Although the "service companies" of militia in Upper Canada did good work whenever called on, the efforts of the army officers during the war were, as regards the militia, largely devoted to perfecting the incorporated militia, or permanently embodied corps; and to attract volunteer recruits to these, bounties were offered.

General Brock, upon assuming command in Upper Canada, at once began to improve the Provincial Marine service on the Great Lakes. There was a dockyard at Kingston, and a few Government vessels on the lakes, commanded and manned by colonial officers and seamen. But, since the Revolutionary War, the Provincial Marine service had been regarded more as a means of military, and even civil, transport, than as a naval fighting force. Brock energetically set to work to bring it up to a standard that would give it control of the lakes.

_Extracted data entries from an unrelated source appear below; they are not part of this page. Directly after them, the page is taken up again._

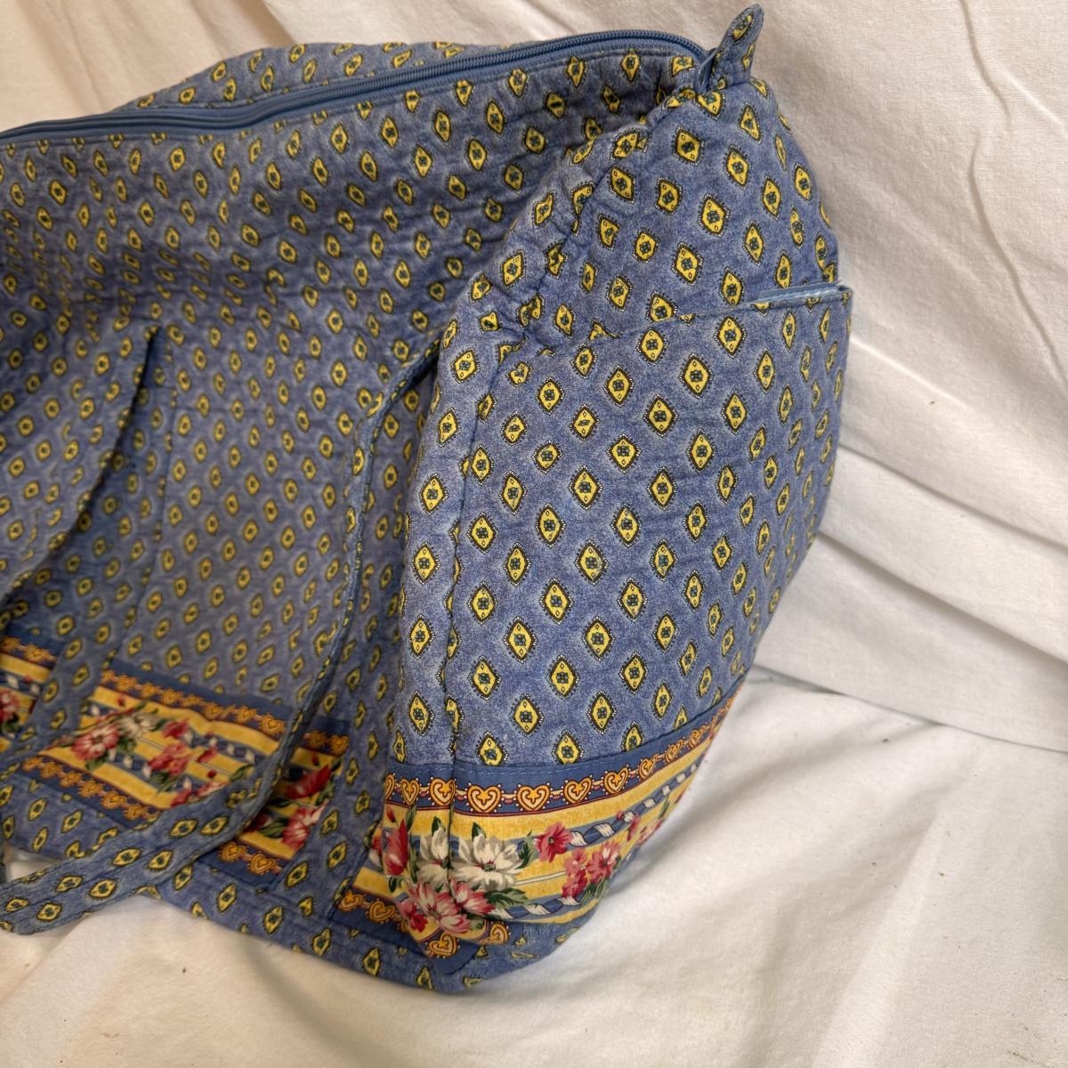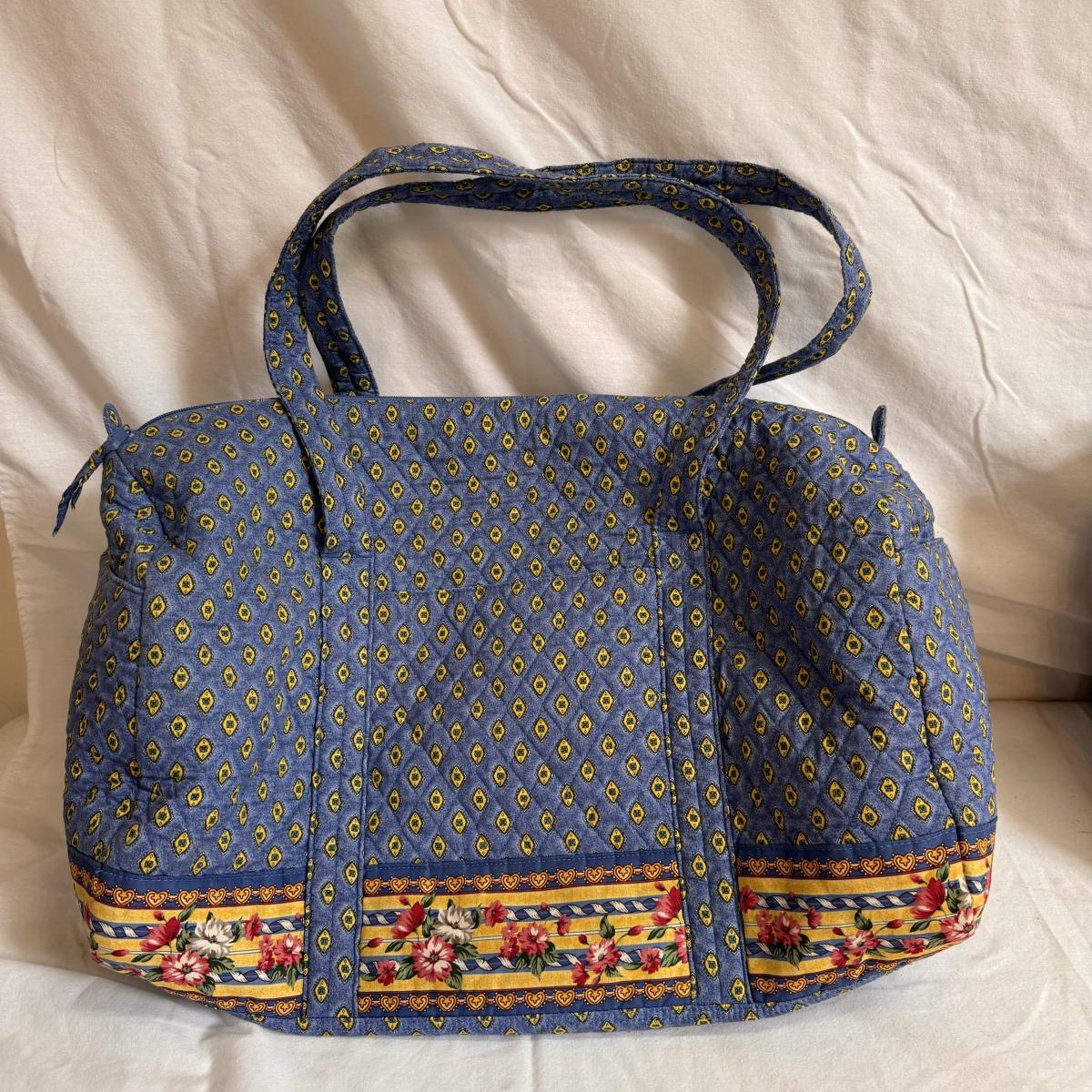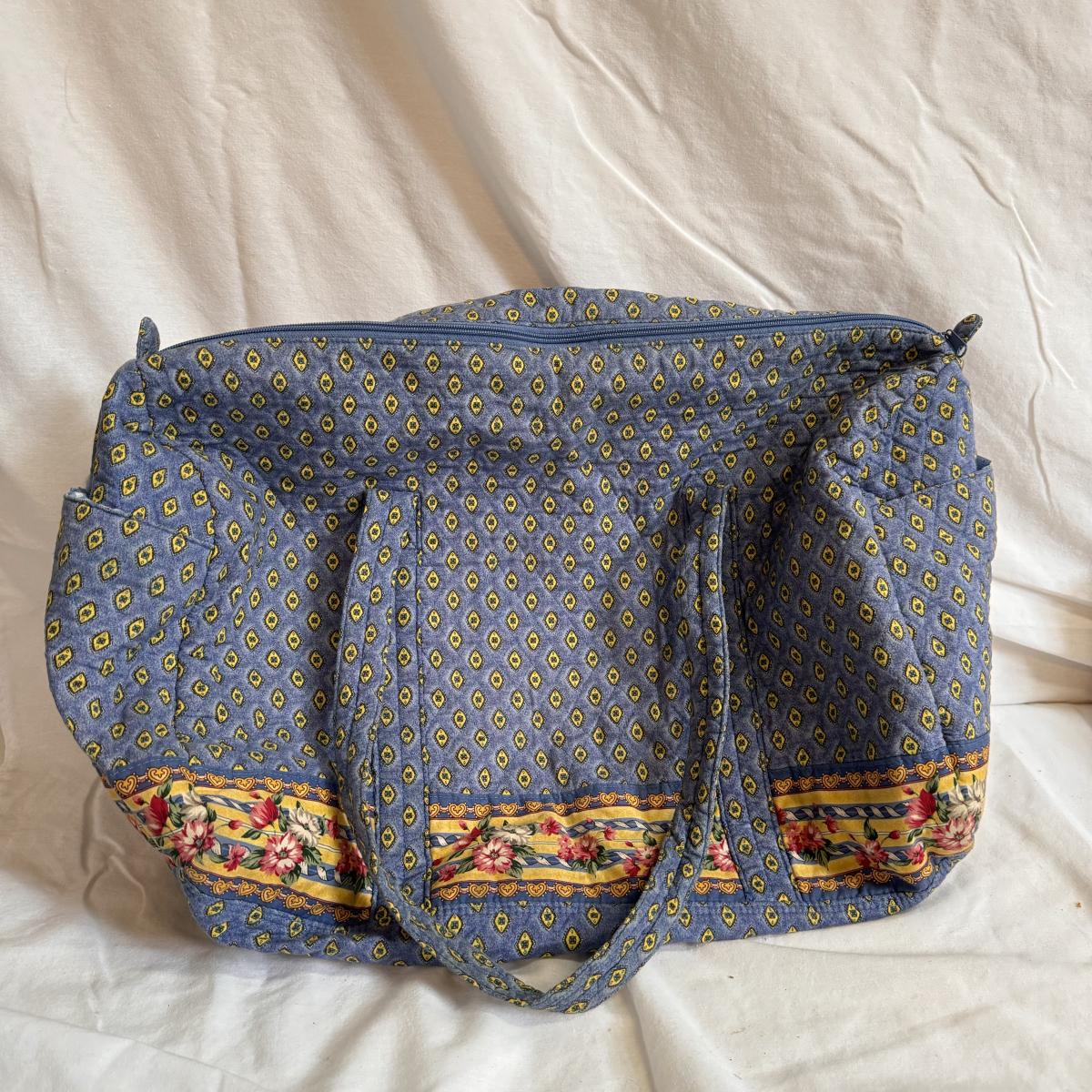 This lot includes sixteen Vera Bradley pieces, including totes, wallets, travel duffles, lunchbox, and a reusable grocery bag. One of the smaller bags has a small stain - see picture included. The largest totes are the first two pictured individually - they measure 28” x 17” x 29”H. Shipping available.
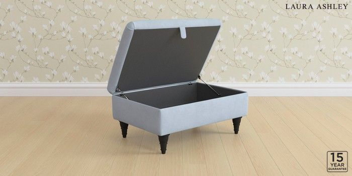 7.3.1 Buy Kingston by Laura Ashley Storage Footstool Ailsworth Newport Blue Low Turned - Black from the Next UK online shop Click here to use our accessible website
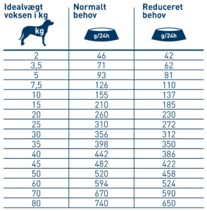 Mængden af ​​foder skal tilpasses hundens individuelle stofskifte og skal muligvis justeres i moderate mængder. Hunden skal altid have frisk vand til rådighed. Bemærk ved blandet fodring: 100 g vådfoder ≈ 30 g tørfoder

The War of 1812–14 abundantly justified his action and the early successes of the British were due to their having control of the Great Lakes. President Madison formally declared war with Great Britain on June 19th, 1812. But naval operations on the lakes antedated his Proclamation, for on June 5th, 1812, the schooner Lord Nelson was captured on its way from Niagara to Kingston by the United States vessel Oneida and condemned as a prize under the pro-visions of the United States Embargo Act. Two other schooners, the Ontario and the Niagara, were in the same month also taken by United States war vessels.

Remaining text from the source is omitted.